The conflict between Israelis and Palestinians has been going on for at least 70 years and gained a chapter this Saturday. With regard to the short-term effects on assets, economists expect oil, which has been falling for months, to rise

The conflict between Israelis and Palestinians has been going on for at least 70 years and took on a new chapter on Saturday (7). Militants from the extremist Hamas faction, which governs the Gaza Strip, invaded southern Israel by land, air and water, launched missiles, killed hundreds of civilians and soldiers and took hostages. Other extremist factions, such as Islamic Jihad and the Popular Front for the Liberation of Palestine, joined the offensive.

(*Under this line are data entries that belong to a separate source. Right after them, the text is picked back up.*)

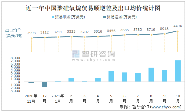 近一年中國聚硅氧烷順逆差及出口均價統計圖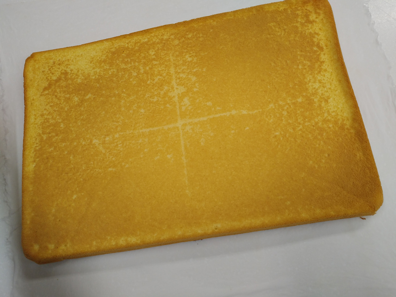 10. 팬에서 꺼낸 케이크 시트에 분무기로 물을 뿌리고 유산지를 거둬냅니다.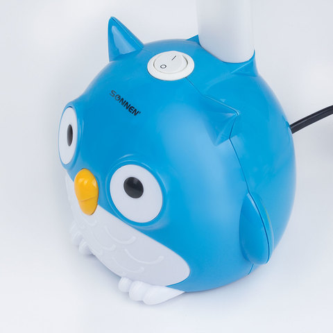 Настольная лампа / светильник SONNEN OU-603, на подставке, цоколь Е27, "Сова", синий, 236674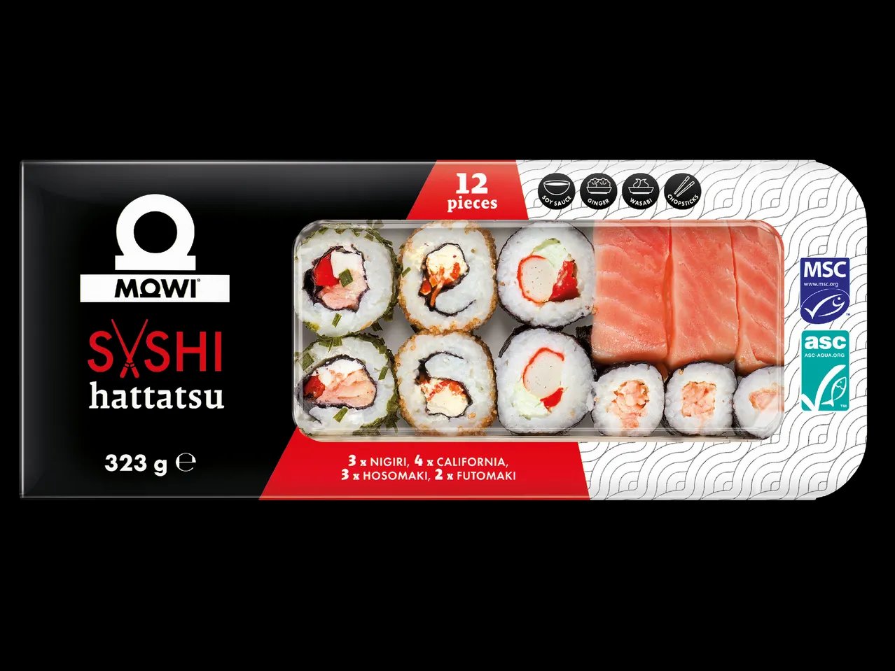 - С включени соев сос, джинджифил, уасаби и клечки за хранене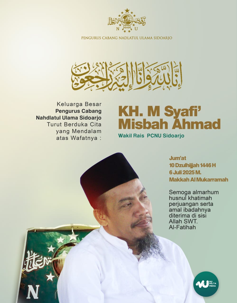 Innalillahi wa inna ilaihi rajiun. KH Syafi Misbah Ahmad, Pengasuh PP Al Hidayah Ketegan, Tanggulangin, Sidoarjo yang juga Wakil Rais Syuriyah PCNU Sidoarjo kembali ke Rahmatullah. Mas Syafi’ kami biasa memanggil, wafat dalam ruh yang suci di tempat dan saat yang suci, diiringi gema talbiyah dan takbir idul adha di hari Jumat, 10 dzulhijjah 1446 H. Almarhum saat itu sedang di medannjuang, memandu jamaah haji melontar jumrah, yang beberapa saat sebelumnya melakukan Wukuf di Arafah. Allahu Akbar.
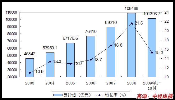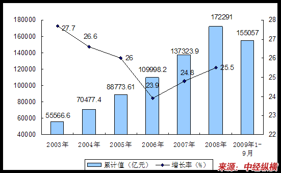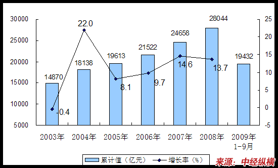 2003-2009年9月我国全社会固定资产投资情况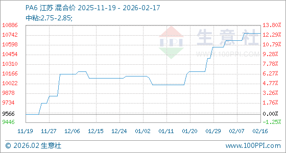 2月17日,生意社PA6基准价为10766.67元/吨,与本月初(10566.67元/吨)相比,上涨了1.89%。
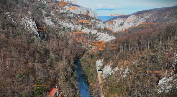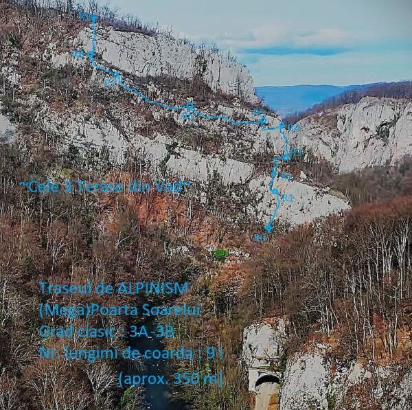 Personal l-am facut in 77 dus de niste prieteni (in timp ce asteptam sa apara micii la cabana) si de atunci am cam uitat de el. Intre timp in Terasa 3 au aparut multe trasee de escalada noi (iar linia de odinioara a cam ramas fara pitoane…nu ca ar fi singular cazul -din pacate-)… Asa ca in noile conditii, nedorind sa „deranjam” noul val „revolutionarist-alpin”, ne-am strecurat pe unde am putut si, pana la urma tot raul spre bine : A rezultat un traseu foarte lung, 9 lungimi (350m), ceea ce e rarisim in zona si in plus, dus pe stanca foarte sanatoasa (deasemenea e o problema calitatea stancii in defileu).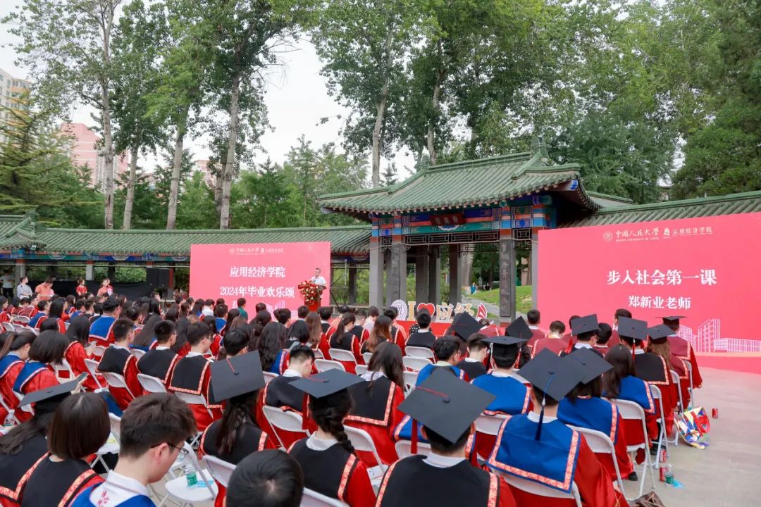 从一张录取通知书开始,同学们从青涩懵懂到走向成熟。毕业临别,有的同学继续求学深造,奔赴新的学术天地;有的同学即将进入职场,把所学理论转化为实践能力。郑新业老师为优秀毕业生获得者代表颁奖;张可云老师、陈占明老师为优秀学位论文获得者代表颁奖;宋东霞老师、裴建锁老师为赴西部就业员工代表颁奖。
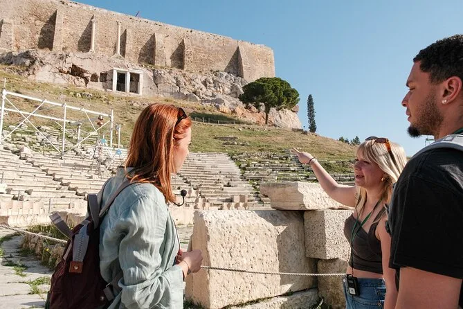 Tu día incluye entradas sin colas a la Acrópolis (si las eliges), auriculares desechables para grupos de más de cinco personas para que siempre escuches bien al guía aunque haya mucha gente, y la compañía de un experto local apasionado que comparte historias mientras exploras juntos desde los Propileos hasta el Partenón y más allá.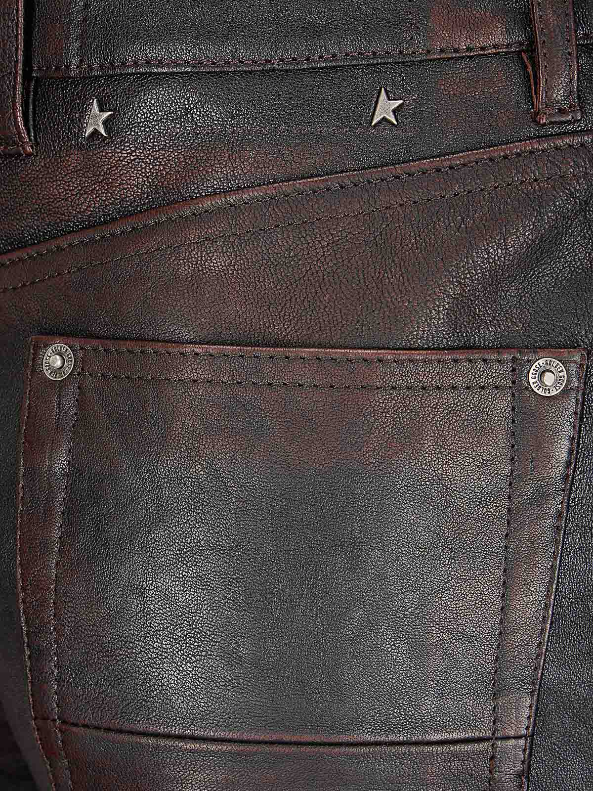 5ポケットのナッパパンツ、フロントボタンとジッパー、ストレートスリムフィット、背面にダブルスター。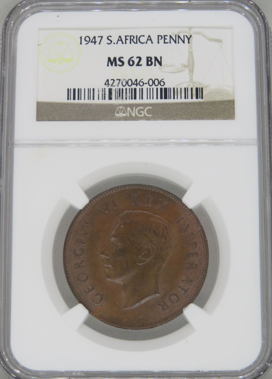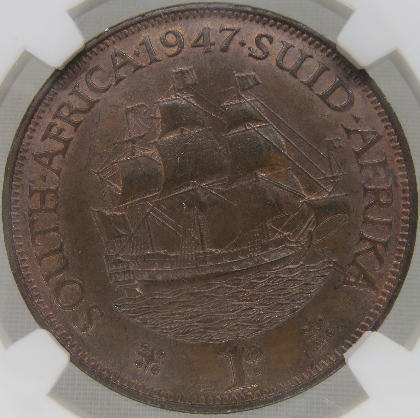 South Africa: Union George VI bronze penny of 1947 MS 62 Brown NGC.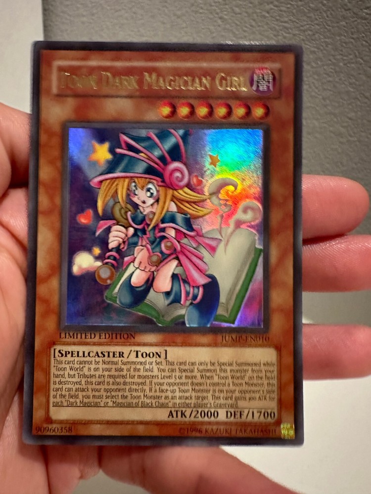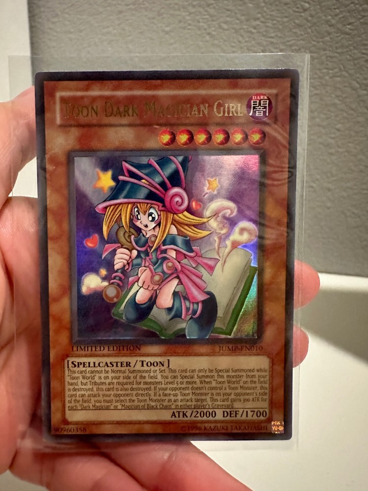 This Toon Dark Magician Girl card is in fantastic condition—clean edges, vibrant colors, and no visible flaws. The seller shipped it carefully in a top loader with a sleeve, ensuring it arrived safely. A must-have for collectors and duelists alike!

The action against Israel was the biggest in years, dubbed the Israeli “9/11”. The attack was launched during the Jewish holiday of Simchat Torah and one day after the 50th anniversary of the Yom Kippur War between Israel and Arab countries. The action seems to have taken Israel’s armed forces by surprise, pointing to a failure on the part of the country’s intelligence services.

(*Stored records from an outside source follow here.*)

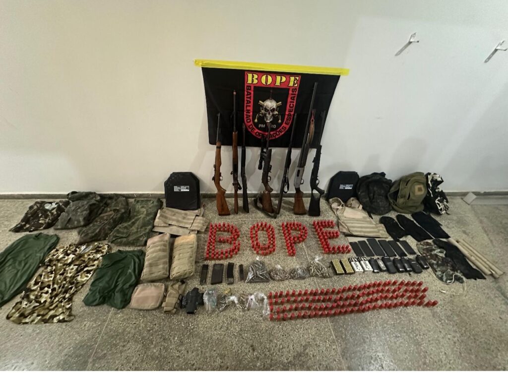 No local, os policiais encontraram fuzis calibre 7.62, carabinas, rifles, espingardas calibre 12 e munições intactas e deflagradas. Também foram recolhidos rádios comunicadores, celulares, motocicletas com registro de furto e roubo, além de estruturas defensivas como guaritas em árvores e barricadas de madeira.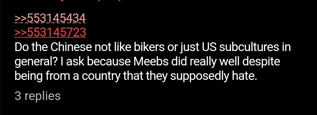 >>553145434>>553145723Do the Chinese not like bikers or just US subcultures in general? I ask because Meebs did really well despite being from a country that they supposedly hate.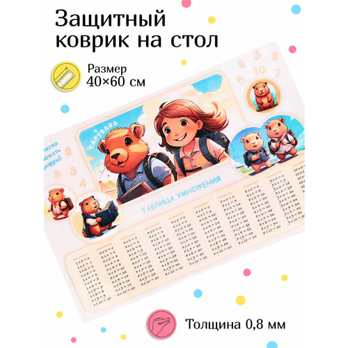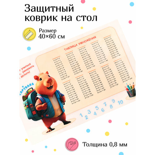 Коврик защитный на стол "Капибара таблица умножения " 40*60см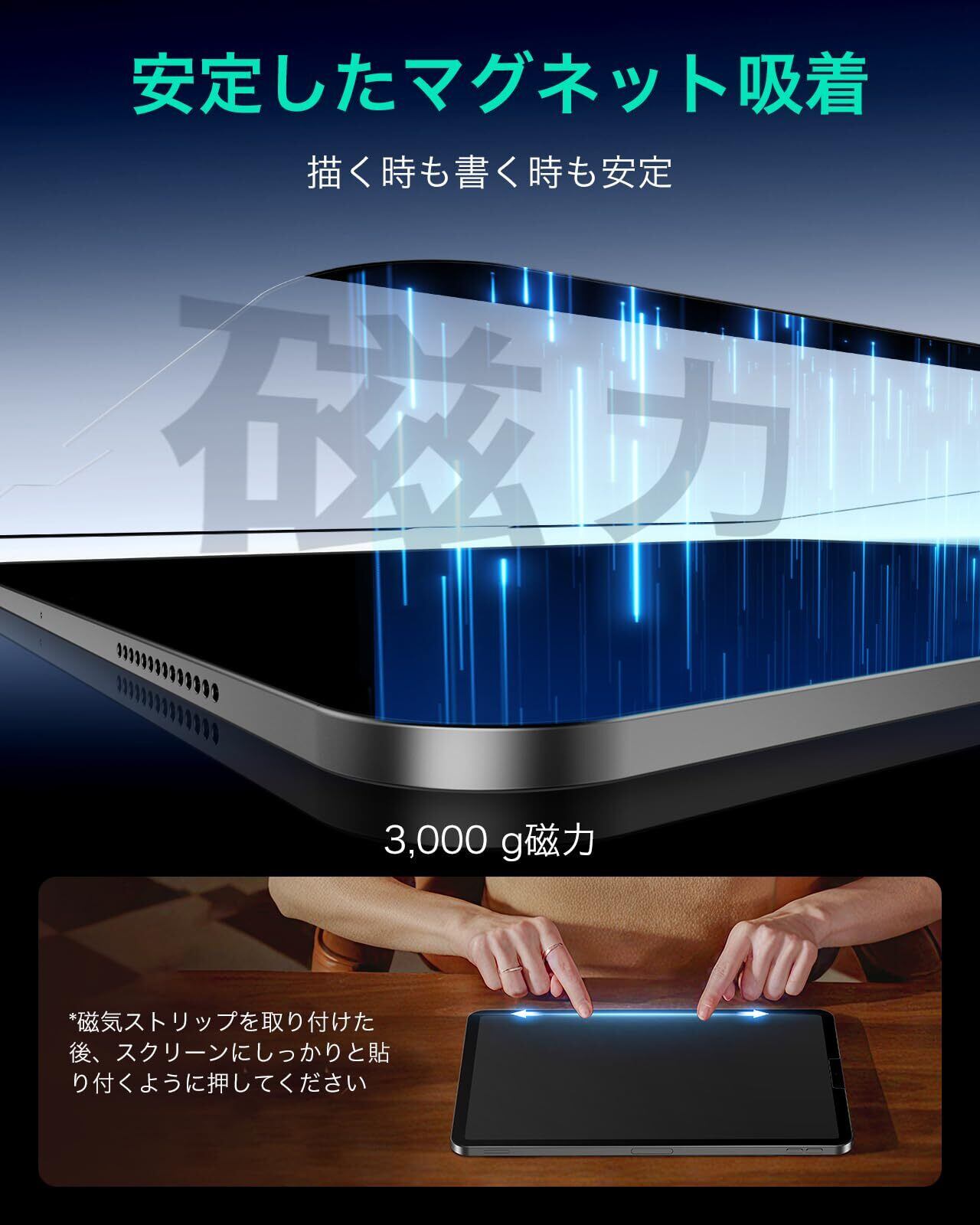 【便利な磁気吸着】画面のプライバシーを保護したい時は磁気フレームでiPad画面にワンタッチで取り付けられ、使用後は簡単に取り外して、元の画面が楽しめます。

In response, Israel’s Prime Minister Binyamin Netanyahu declared a state of war and ordered the country’s military forces to counterattack by bombing the Gaza Strip. “We are at war. This is not a simple operation,” he said. “Hamas will pay an unprecedented price,” he said. So far, hundreds have been killed and thousands wounded on both sides.

What is Hamas and the Gaza Strip?

Hamas is an extremist, Islamist and Palestinian faction that governs the Gaza Strip, a region of Israel with decades of historical tensions. The group’s founding charter preaches the destruction of Israel, created in 1948 as a “Jewish and democratic state”, and the establishment of an Islamic state in Palestine.

Since the 1990s, Hamas has carried out dozens of terrorist attacks in Israel. The most recent conflict between the extremist faction and the country was a war that lasted 11 days in 2021.

Most of the Gaza Strip’s 2 million inhabitants are refugees who fled the villages located where Israel is today, in the midst of the conflict following the Jewish state’s declaration of independence in 1948.

The region was occupied militarily by Israel in 1967, but in 2007 Hamas began to rule the territory and Israel blockaded the Gaza Strip. The population suffers from a lack of water, food and electricity and is prevented from leaving the region.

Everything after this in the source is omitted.